Purpose: To combine search query generation and web search chains to gather comprehensive information on a given topic.

full_research_chain = search_question_chain | (lambda x: [{"question": q} for q in x]) | web_search_chain.map()

Components:

  • search_question_chain: Chain to generate search queries.
  • web_search_chain: Chain to search the web and summarize content.

Workflow:

  • Generate Queries: Uses search_question_chain to generate search queries for the input question.
  • Search and Summarize: Uses web_search_chain to search the web and summarize content for each query.

Report Generation Chain

Purpose: To generate a detailed research report based on the gathered information.

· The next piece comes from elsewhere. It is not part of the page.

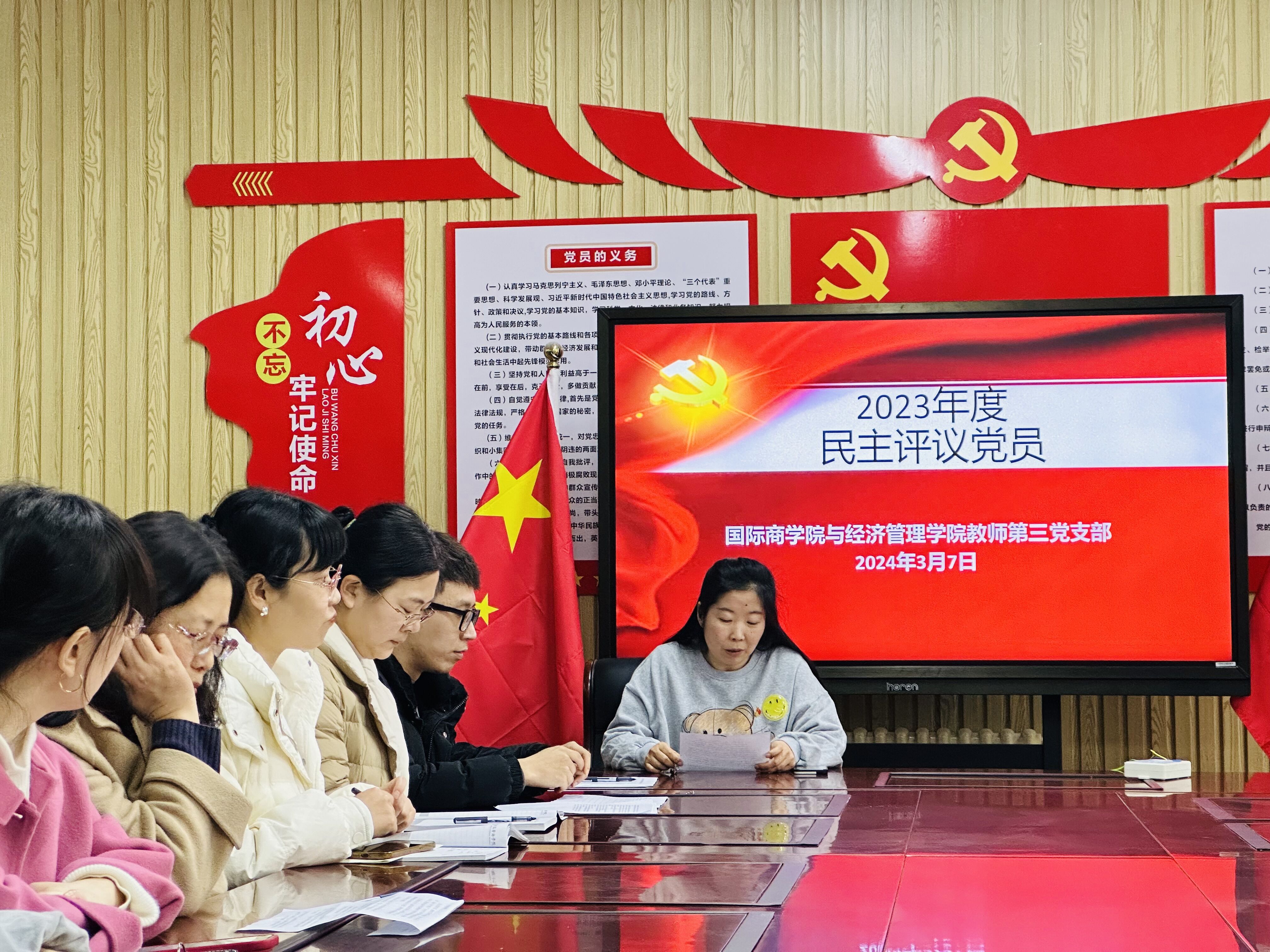 为深入学习贯彻党的二十大精神,增进党支部凝聚力、战斗力,2024年3月7日下午16时,国际商学院与经济管理学院教师第三党支部在知城楼214会议室开展了党支部组织生活会和民主评议党员大会。本次会议由党支部书记孙伶莉主持,全体党员出席会议。

chain = RunnablePassthrough.assign(
  context = full_research_chain | flatten_list_of_list
) | prompt | ChatOpenAI(model="gpt-3.5-turbo-1106") | StrOutputParser()

Components:

  • WRITER_SYSTEM_PROMPT: System prompt to instruct the AI on writing style and requirements.
  • RESEARCH_REPORT_PROMPT: Prompt to generate the research report.
  • ChatPromptTemplate: Template to structure the prompts.
  • ChatOpenAI: OpenAI's GPT-3.5 model to generate the report.
  • StrOutputParser: Parses the output string into structured format.

Workflow:

  • Prepare Context: Combines the results of full_research_chain into a single context.
  • Generate Report: Uses the combined context and ChatOpenAI to generate a detailed research report.
  • Parse Output: Parses the generated report into a structured format.

Basic Workflow

  1. User Input: The user inputs a topic or question via the Streamlit interface.
  2. Generate Search Queries: search_question_chain generates search queries related to the topic.
  3. Web Search and Summarize: full_research_chain performs web searches based on the generated queries and summarizes the results.
  4. Generate Report: The chain generates a comprehensive research report based on the summarized information.
  5. Display and Download: The generated report is displayed to the user, who can download it as a PDF.